### DATASET ENTRIES
=== Section Start ===

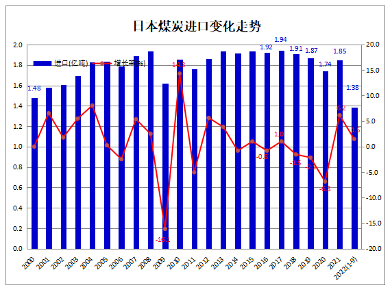 據(jù)日本財(cái)務(wù)省(Ministry of Finance Japan)發(fā)布的海關(guān)商品進(jìn)出口貿(mào)易統(tǒng)計(jì)數(shù)據(jù)顯示,2022年1-8月,日本煤炭進(jìn)口量累計(jì)為1.38億噸,比上年同期增加203.0萬噸,同比增長1.5%。其中,9月份煤炭進(jìn)口1491.9萬噸,同比減少8.9%,環(huán)比下降14.0%。
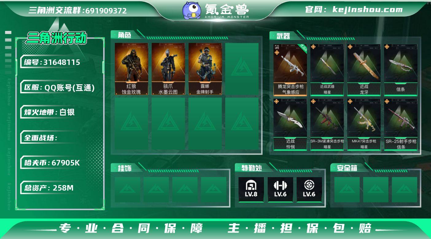 "YXB-4刀-67905k哈伏币-总资产258m流动资产223m-60烽火等级-白银-33战场等级-上等兵 部门22322特勤处仓库8训练中心6靶场6 【干员外观】:红狼-蚀金玫瑰,骇爪-水墨云图,露娜-金牌射手 【近战皮肤】:近战-暗星,近战-信条,近战-怜悯,近战-龙牙,近战-黑鹰 【典藏外观】:腾龙突击步枪-气象感应优品B毒 【传说外观】:M4A1突击步枪-蚀金玫瑰,K416突击步枪-尖峰行动,M7战斗步枪-白玫瑰,SG552突击步枪-运动员,SCAR-H战斗步枪-水墨云图,MK47突击步枪-暗星,P90冲锋枪-信条,SMG-45冲锋枪-巳蛇,SR-3M紧凑突击步枪-暗星,M14射手步枪-蛮荒,SR-25射手步枪-信条,M700狙击步枪-尖峰行动,沙漠之鹰-阿瑞斯之怒 【挂饰】:挂饰-黑夜猎手,挂饰-黄金视野,挂饰-蚀金玫瑰,挂饰-信条,挂饰-暗星,挂饰-崩岩重炮,挂饰-暗行哨兵,挂饰-福禄,挂饰-聚宝盆,挂饰-枪匠,挂饰-雪人,挂饰-紧急撤离,挂饰-麻将 "
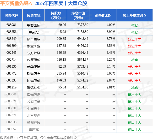 根据2025基金年报公募基金重仓股数据,重仓该股的公募基金共17家,其中持有数量最多的公募基金为平安基金的平安新鑫先锋A。平安新鑫先锋A目前规模为8.29亿元,最新净值3.076(1月29日),较上一交易日下跌1.5%,近一年上涨55.11%。该公募基金现任基金经理为张晓泉。张晓泉在任的基金产品包括:平安研究精选混合A,管理时间为2021年5月25日至今,期间收益率为51.8%;平安研究优选混合A,管理时间为2023年3月21日至今,期间收益率为56.0%;平安新鑫优选混合A,管理时间为2023年8月15日至今,期间收益率为53.09%。
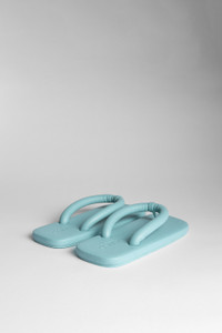 Turquoise blue leather flip-flop sandals with squared design and memory foam footbed. Comes with split-toe tabi socks made of embossed organic cotton in matching color. Features Upper Sheepskin Color Blue Outsole/Features Rubber Lining 100% Sheepskin
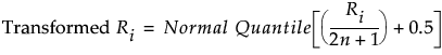 The ANOM procedure is applied to the values Transformed Ri. Since the ranks have a uniform distribution, the transformed ranks have a folded normal distribution. For details, see Nelson et al. (2005).
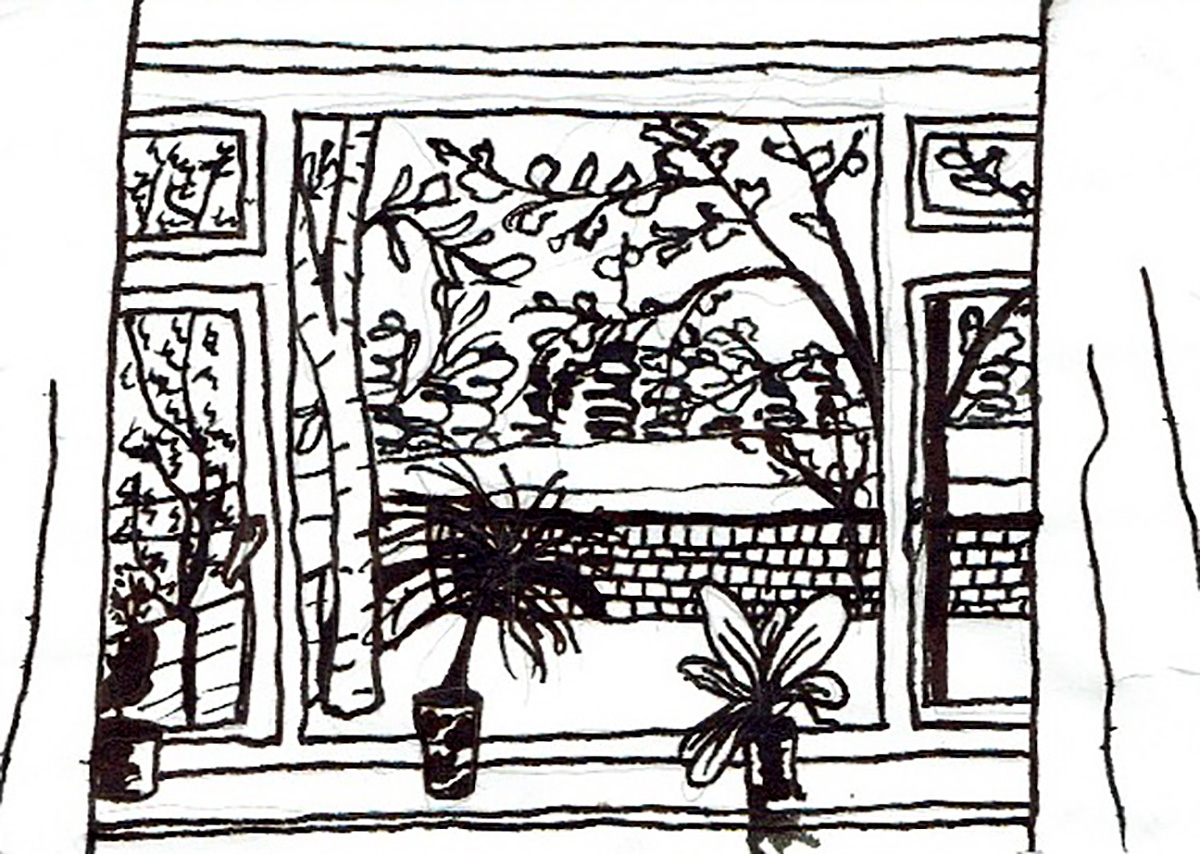 Rebecca (Year 8, Green School for Girls), Untitled (Window I) (Postcard Sent to Velorose from London, 2020) Felt Pen and Graphite on Paper (Unique) (Not for Sale)
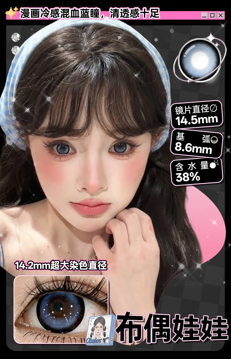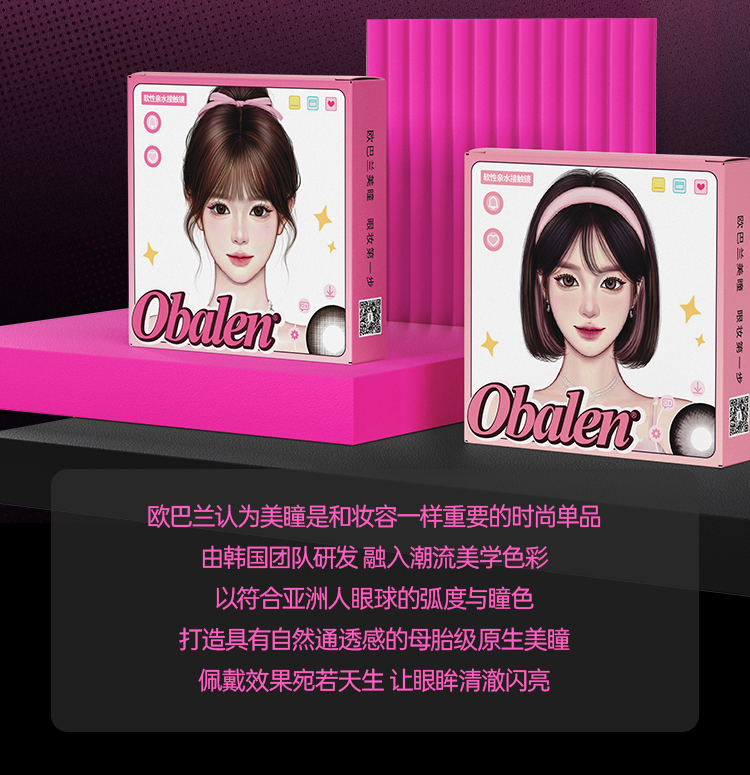 新品【超大地雷】方盒系列Obalen欧巴兰漫画大眼洋娃娃水润无感扩瞳半年抛美瞳非离子隐形眼镜2片装

=== Section End ===

### THE TASK
The last line of the entries marks the end, and the line with "Rebecca (Year 8, Green" marks the start. Output exactly those two lines and every line between them, nothing else, with the pictures left out.

### YOUR SOLUTION
 Rebecca (Year 8, Green School for Girls), Untitled (Window I) (Postcard Sent to Velorose from London, 2020) Felt Pen and Graphite on Paper (Unique) (Not for Sale)
 新品【超大地雷】方盒系列Obalen欧巴兰漫画大眼洋娃娃水润无感扩瞳半年抛美瞳非离子隐形眼镜2片装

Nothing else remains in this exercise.